╭─ Available data

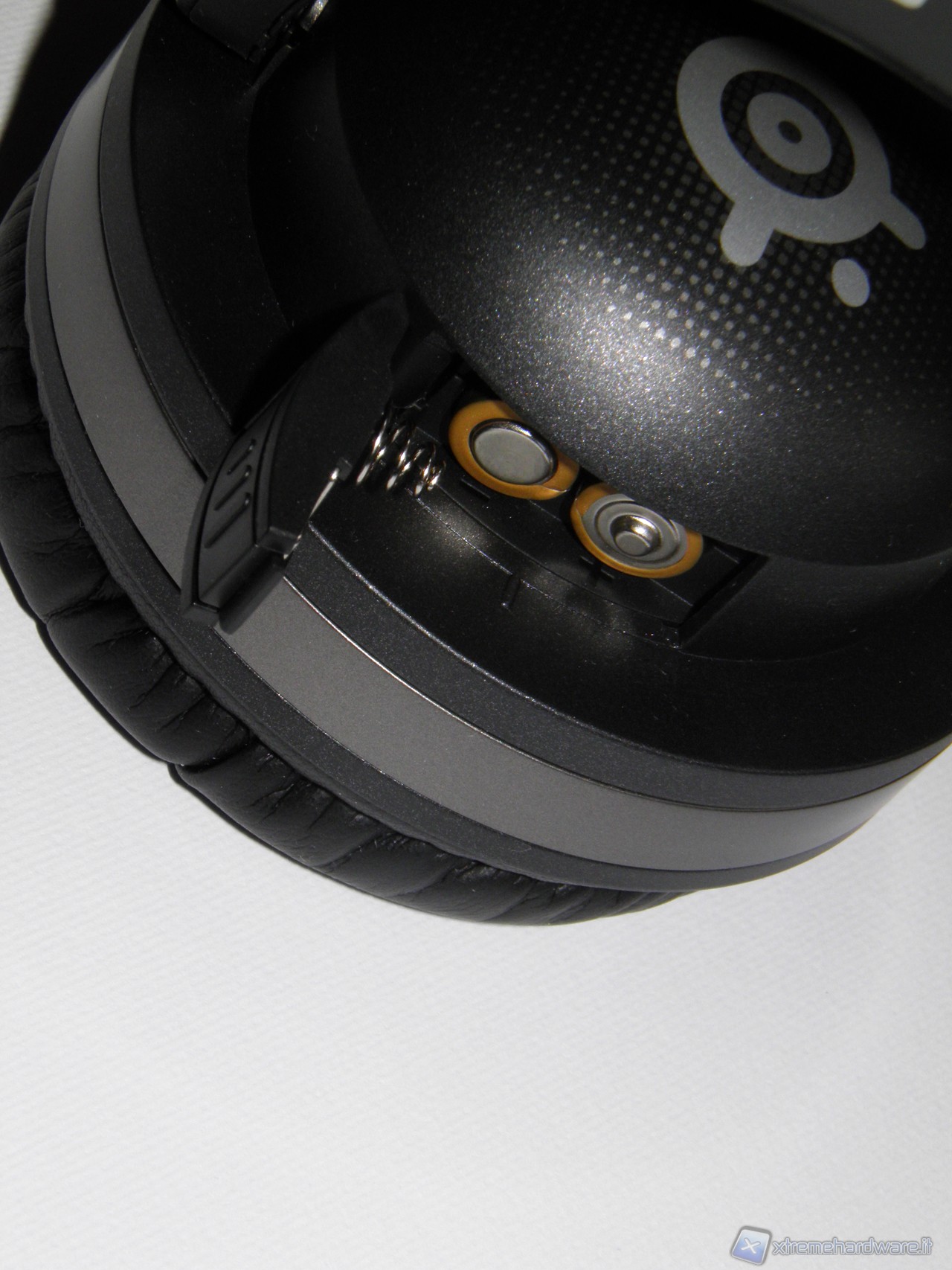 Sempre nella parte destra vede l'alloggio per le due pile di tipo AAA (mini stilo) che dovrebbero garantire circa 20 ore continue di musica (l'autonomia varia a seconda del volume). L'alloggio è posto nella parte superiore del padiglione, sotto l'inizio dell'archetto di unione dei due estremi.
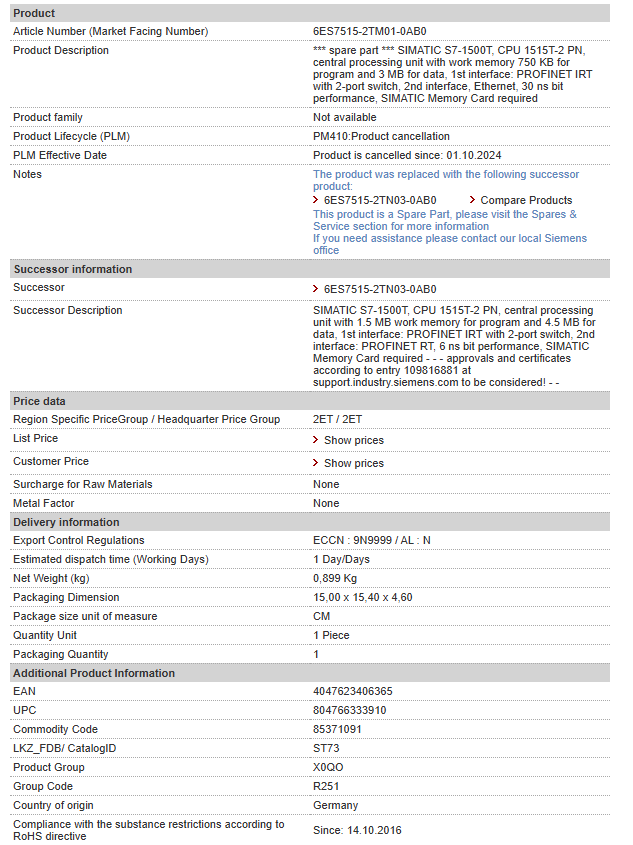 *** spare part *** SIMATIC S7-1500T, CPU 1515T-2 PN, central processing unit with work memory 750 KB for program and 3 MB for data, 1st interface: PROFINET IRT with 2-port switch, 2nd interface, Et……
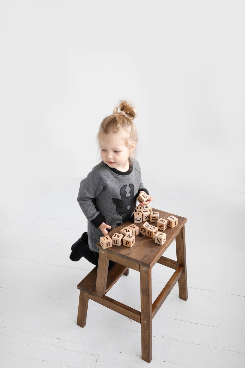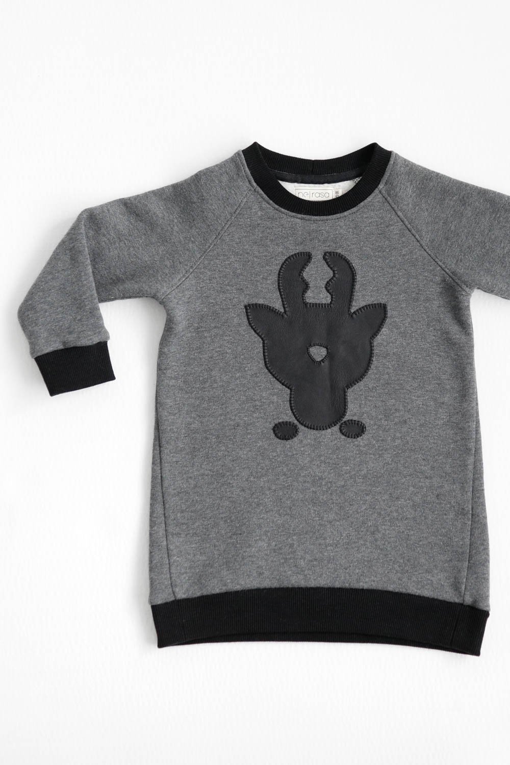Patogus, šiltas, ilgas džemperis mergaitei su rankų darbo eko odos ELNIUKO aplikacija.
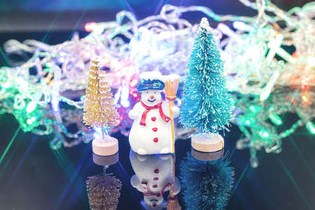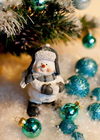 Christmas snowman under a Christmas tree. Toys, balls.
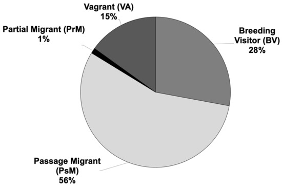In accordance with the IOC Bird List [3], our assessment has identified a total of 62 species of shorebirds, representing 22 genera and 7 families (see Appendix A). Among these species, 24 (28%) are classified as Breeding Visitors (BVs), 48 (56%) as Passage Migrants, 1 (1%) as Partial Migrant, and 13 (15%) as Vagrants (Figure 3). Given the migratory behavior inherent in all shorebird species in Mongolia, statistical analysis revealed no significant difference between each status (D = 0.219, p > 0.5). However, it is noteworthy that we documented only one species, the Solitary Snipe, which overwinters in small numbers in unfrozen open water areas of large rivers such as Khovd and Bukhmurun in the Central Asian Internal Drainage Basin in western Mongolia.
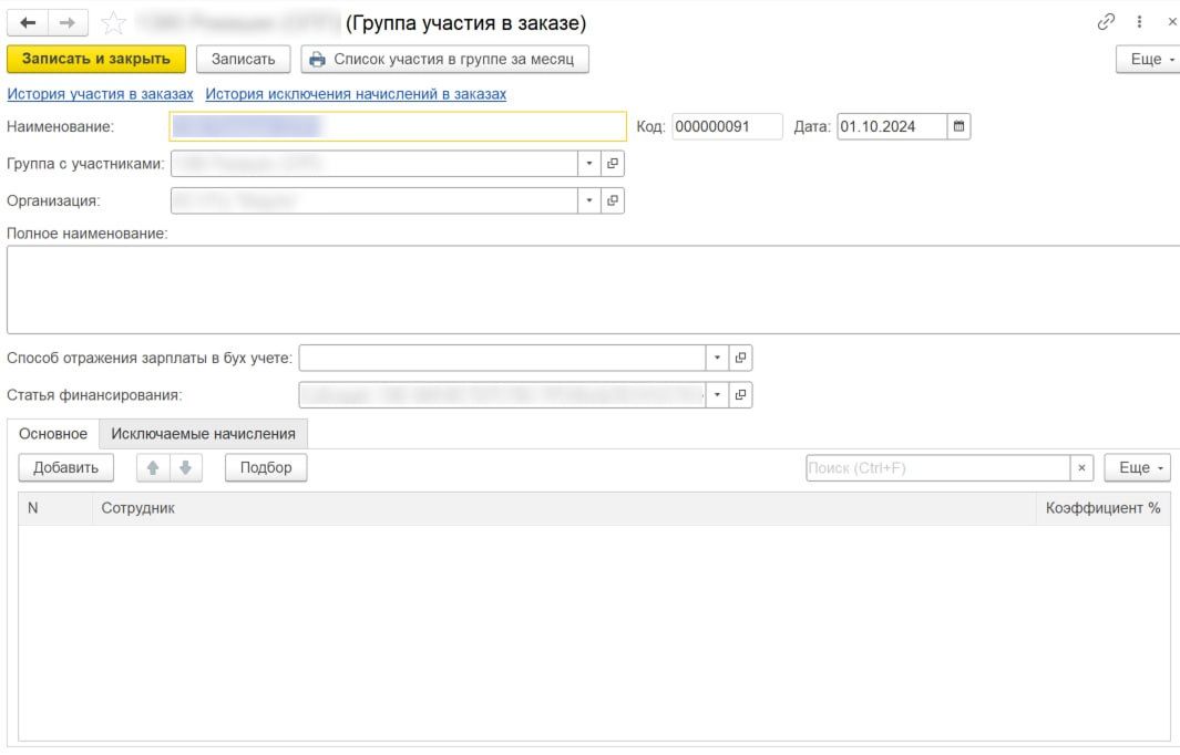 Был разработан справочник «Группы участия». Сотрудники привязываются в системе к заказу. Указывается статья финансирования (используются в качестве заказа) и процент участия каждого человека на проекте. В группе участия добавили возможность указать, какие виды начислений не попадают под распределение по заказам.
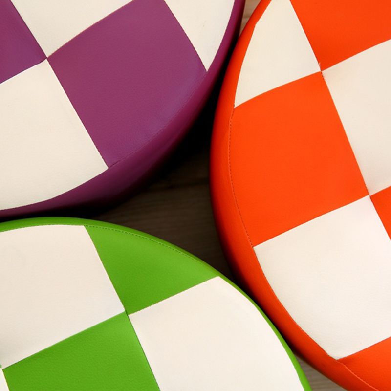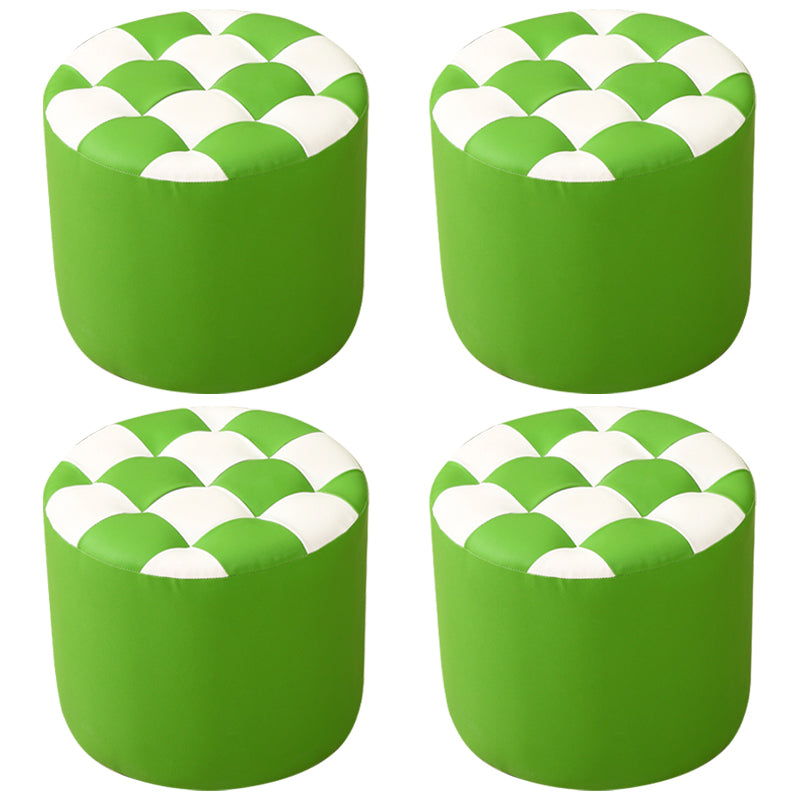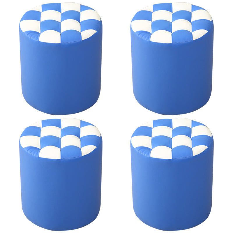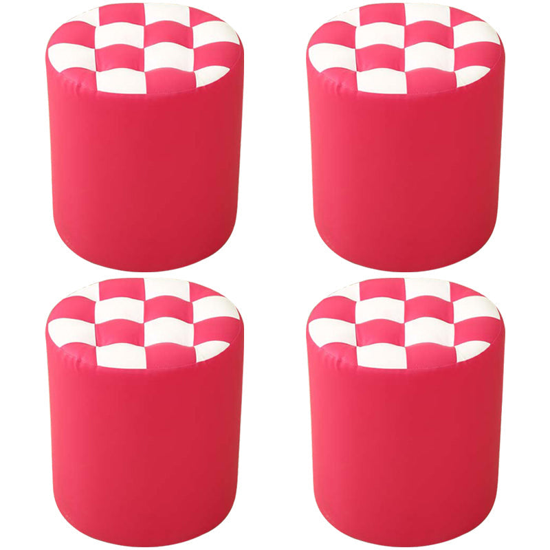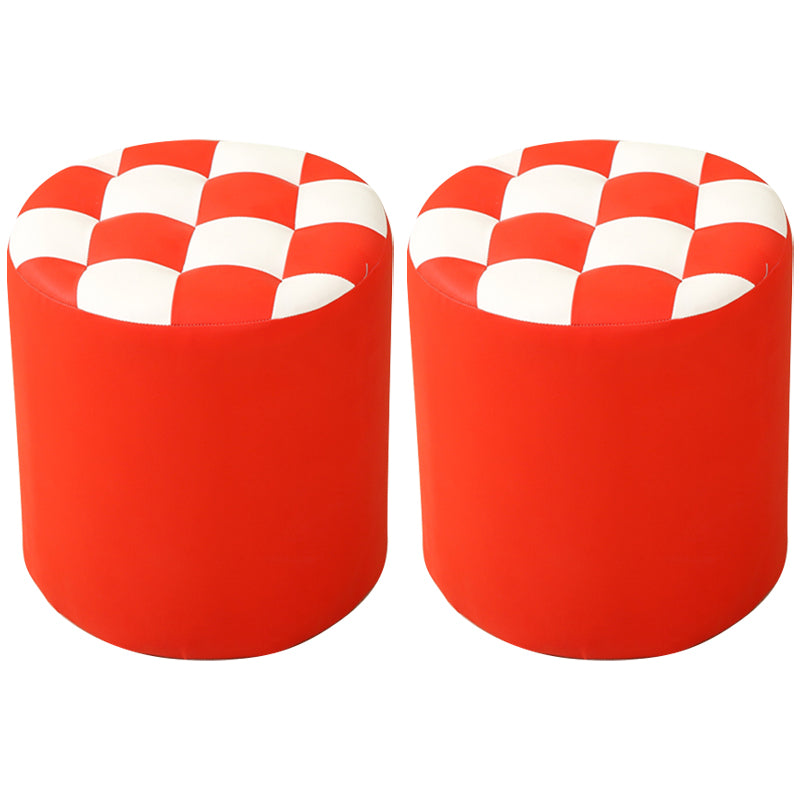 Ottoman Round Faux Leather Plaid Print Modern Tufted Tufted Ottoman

╰─

» Task description:
Please copy out from the data above, without any picture, exactly the lines running from the one that holds "Patogus, šiltas, ilgas" through the one that holds "Christmas snowman under", and nothing beyond them.

» Output of the exercise:
Patogus, šiltas, ilgas džemperis mergaitei su rankų darbo eko odos ELNIUKO aplikacija.
 Christmas snowman under a Christmas tree. Toys, balls.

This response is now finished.